• _Extracted entries_:
-- Opening Marker --
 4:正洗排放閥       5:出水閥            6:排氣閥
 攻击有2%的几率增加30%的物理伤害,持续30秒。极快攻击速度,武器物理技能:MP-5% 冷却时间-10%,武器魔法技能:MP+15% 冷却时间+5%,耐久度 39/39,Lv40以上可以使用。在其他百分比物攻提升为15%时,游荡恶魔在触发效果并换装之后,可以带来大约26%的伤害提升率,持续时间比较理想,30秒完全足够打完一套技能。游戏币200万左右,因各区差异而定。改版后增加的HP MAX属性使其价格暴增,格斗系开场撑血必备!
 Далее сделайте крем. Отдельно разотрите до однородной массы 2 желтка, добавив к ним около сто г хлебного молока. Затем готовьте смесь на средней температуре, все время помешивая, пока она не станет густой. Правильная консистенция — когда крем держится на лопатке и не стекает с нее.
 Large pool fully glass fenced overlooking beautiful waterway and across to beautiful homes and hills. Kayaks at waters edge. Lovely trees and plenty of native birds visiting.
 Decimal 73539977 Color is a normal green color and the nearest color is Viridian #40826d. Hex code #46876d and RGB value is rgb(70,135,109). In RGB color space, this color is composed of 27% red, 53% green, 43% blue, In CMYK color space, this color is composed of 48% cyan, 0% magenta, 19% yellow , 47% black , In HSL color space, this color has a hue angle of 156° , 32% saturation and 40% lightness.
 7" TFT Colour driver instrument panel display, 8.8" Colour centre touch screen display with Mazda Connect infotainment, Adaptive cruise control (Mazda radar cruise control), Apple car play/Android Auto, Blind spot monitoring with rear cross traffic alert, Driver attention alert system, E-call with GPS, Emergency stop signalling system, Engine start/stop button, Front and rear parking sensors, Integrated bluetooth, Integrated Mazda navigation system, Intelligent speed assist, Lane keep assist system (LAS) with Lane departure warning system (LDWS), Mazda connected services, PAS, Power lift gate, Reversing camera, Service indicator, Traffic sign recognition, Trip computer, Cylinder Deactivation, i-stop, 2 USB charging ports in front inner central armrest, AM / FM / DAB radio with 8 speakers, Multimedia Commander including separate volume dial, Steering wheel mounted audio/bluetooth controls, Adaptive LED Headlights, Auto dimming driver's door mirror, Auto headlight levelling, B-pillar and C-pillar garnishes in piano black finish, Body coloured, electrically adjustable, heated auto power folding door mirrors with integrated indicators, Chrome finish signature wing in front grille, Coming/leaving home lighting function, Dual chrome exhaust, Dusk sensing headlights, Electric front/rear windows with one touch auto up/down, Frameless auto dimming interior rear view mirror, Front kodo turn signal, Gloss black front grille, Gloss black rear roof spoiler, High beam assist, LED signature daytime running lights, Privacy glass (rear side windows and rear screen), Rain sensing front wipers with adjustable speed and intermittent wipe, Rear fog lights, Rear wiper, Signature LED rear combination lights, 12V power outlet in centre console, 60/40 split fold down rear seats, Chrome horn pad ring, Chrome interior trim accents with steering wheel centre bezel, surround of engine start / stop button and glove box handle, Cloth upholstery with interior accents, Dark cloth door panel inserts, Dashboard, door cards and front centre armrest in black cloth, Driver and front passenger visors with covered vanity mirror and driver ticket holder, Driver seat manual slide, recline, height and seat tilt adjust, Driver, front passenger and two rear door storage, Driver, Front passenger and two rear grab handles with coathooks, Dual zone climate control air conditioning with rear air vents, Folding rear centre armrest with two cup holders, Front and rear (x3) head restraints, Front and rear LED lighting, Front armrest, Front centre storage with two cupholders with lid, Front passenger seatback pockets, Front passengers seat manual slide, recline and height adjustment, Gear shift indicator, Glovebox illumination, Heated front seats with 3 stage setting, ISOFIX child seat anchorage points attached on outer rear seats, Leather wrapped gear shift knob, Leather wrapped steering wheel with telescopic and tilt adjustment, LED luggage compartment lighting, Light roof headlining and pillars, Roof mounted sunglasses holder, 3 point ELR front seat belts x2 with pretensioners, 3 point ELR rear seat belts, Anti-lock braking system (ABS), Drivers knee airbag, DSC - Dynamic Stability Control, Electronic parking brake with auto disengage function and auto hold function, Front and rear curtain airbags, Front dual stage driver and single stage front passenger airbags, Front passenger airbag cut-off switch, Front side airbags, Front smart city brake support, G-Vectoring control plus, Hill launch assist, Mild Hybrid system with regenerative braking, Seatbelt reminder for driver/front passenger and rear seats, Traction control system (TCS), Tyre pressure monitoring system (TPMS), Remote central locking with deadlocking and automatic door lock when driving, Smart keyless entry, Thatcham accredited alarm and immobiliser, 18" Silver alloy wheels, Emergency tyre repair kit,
-- Closing Marker --
-- Opening Marker --
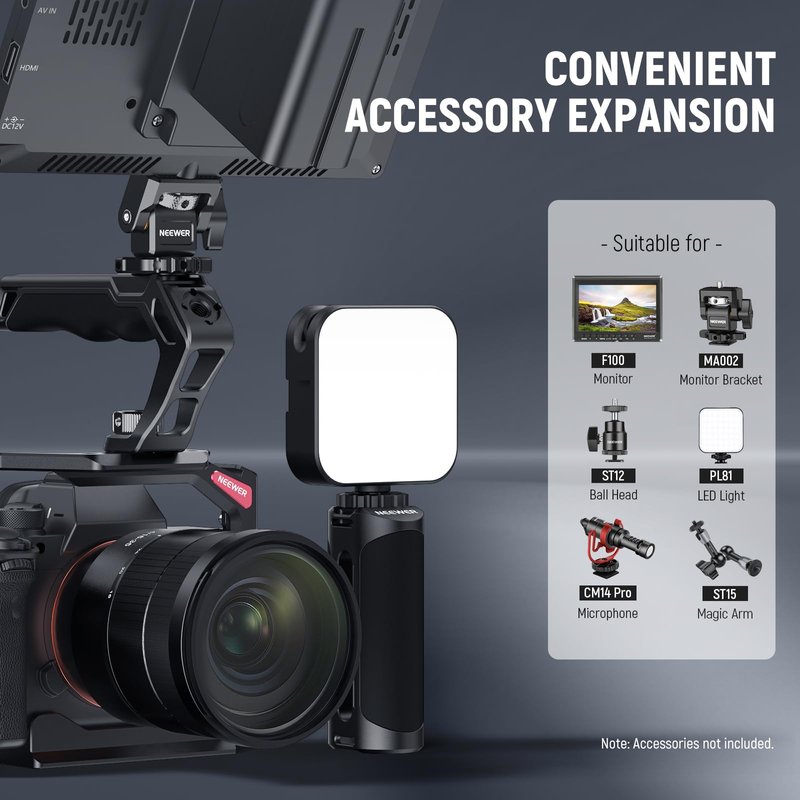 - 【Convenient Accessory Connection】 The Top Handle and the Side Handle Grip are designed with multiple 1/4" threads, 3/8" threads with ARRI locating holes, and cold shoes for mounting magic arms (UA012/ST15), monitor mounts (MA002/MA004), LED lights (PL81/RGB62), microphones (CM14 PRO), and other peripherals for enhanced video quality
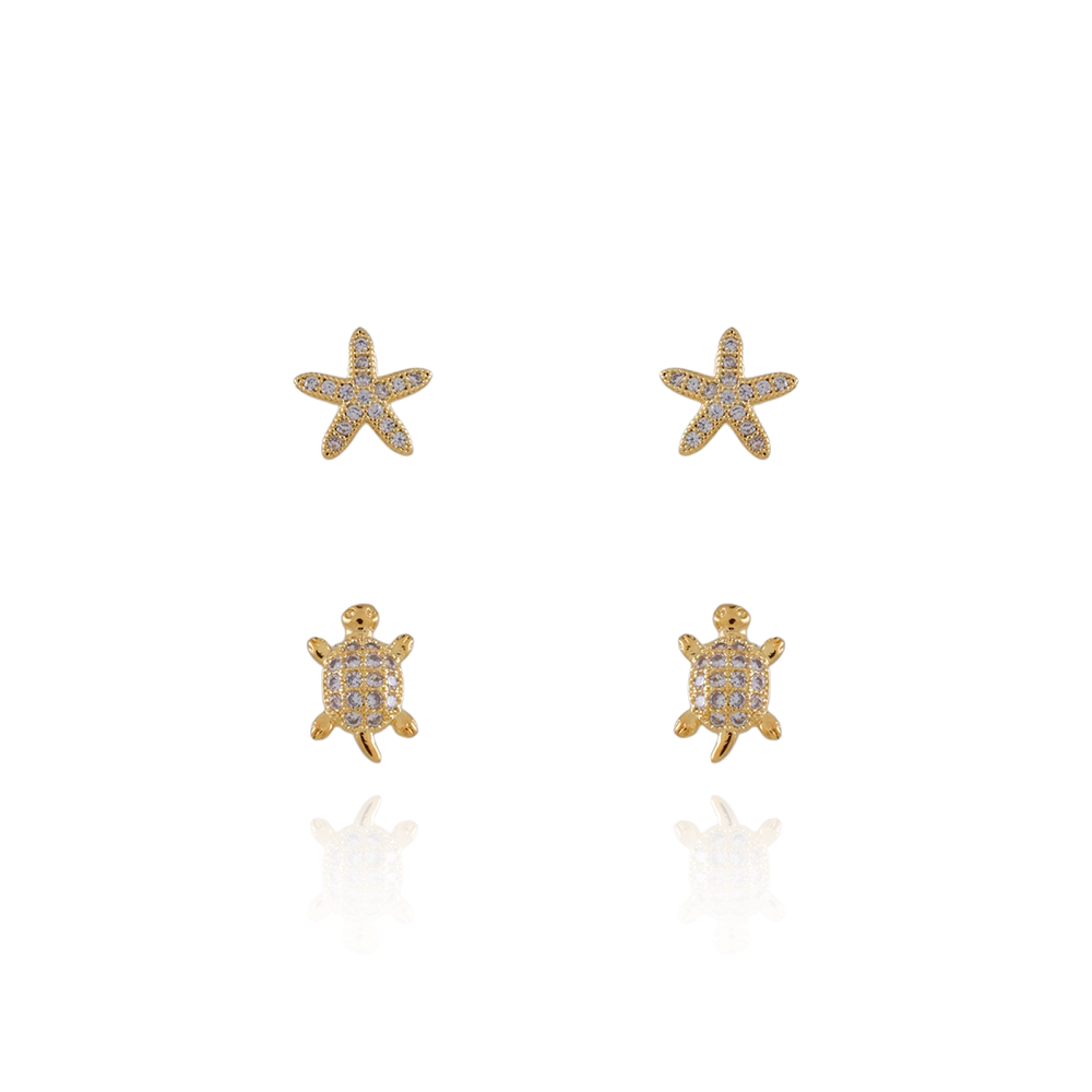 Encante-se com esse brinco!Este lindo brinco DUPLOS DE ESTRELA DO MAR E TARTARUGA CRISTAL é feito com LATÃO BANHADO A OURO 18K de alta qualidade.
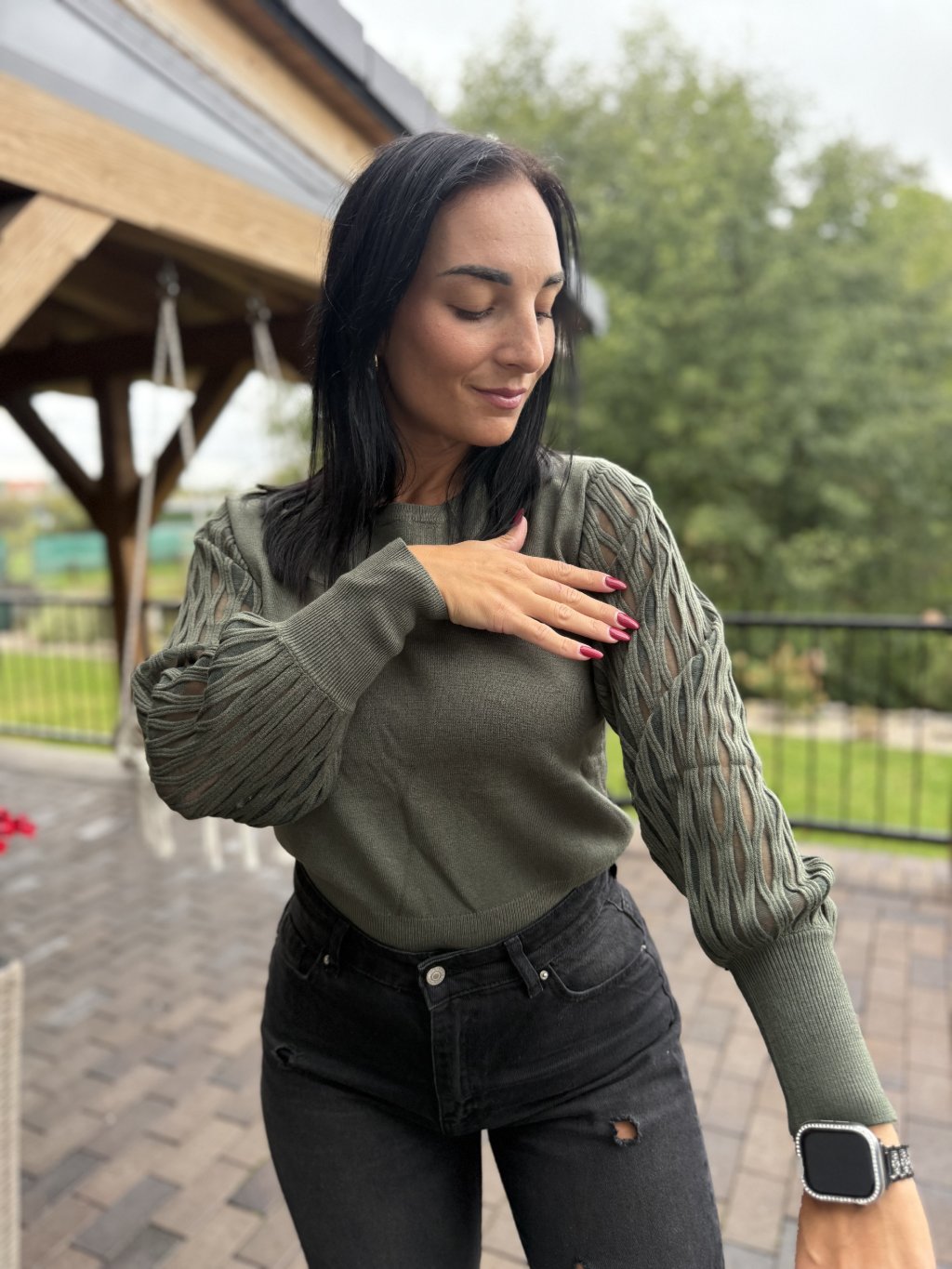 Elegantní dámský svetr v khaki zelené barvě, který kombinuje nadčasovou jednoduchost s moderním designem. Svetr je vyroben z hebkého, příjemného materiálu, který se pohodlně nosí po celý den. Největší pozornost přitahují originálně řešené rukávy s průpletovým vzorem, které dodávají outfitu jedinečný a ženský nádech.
-- Closing Marker --
-- Opening Marker --
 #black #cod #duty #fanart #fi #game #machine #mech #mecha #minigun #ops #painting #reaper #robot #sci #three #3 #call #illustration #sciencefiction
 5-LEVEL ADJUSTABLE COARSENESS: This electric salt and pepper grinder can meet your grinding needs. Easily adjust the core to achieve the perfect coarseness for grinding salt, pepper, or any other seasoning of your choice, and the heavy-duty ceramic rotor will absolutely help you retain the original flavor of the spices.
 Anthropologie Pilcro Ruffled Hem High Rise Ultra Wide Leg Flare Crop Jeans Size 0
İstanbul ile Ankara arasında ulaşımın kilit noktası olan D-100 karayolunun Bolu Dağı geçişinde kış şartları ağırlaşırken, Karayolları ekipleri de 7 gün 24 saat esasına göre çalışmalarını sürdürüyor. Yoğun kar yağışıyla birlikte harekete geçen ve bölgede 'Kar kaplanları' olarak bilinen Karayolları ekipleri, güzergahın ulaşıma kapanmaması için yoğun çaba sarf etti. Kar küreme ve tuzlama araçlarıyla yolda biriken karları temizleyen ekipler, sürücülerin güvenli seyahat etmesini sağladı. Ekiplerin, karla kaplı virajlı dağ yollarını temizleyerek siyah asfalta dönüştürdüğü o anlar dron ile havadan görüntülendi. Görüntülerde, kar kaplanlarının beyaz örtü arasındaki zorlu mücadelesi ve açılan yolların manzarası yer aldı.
-- Closing Marker --
• _What is needed_: With the first line being the one containing "4:正洗排放閥       5:出水閥            6:排氣閥" and the last line the one containing "Далее сделайте крем.", transcribe exactly the lines above that fall in that range.

• _Written reply_:
 4:正洗排放閥       5:出水閥            6:排氣閥
 攻击有2%的几率增加30%的物理伤害,持续30秒。极快攻击速度,武器物理技能:MP-5% 冷却时间-10%,武器魔法技能:MP+15% 冷却时间+5%,耐久度 39/39,Lv40以上可以使用。在其他百分比物攻提升为15%时,游荡恶魔在触发效果并换装之后,可以带来大约26%的伤害提升率,持续时间比较理想,30秒完全足够打完一套技能。游戏币200万左右,因各区差异而定。改版后增加的HP MAX属性使其价格暴增,格斗系开场撑血必备!
 Далее сделайте крем. Отдельно разотрите до однородной массы 2 желтка, добавив к ним около сто г хлебного молока. Затем готовьте смесь на средней температуре, все время помешивая, пока она не станет густой. Правильная консистенция — когда крем держится на лопатке и не стекает с нее.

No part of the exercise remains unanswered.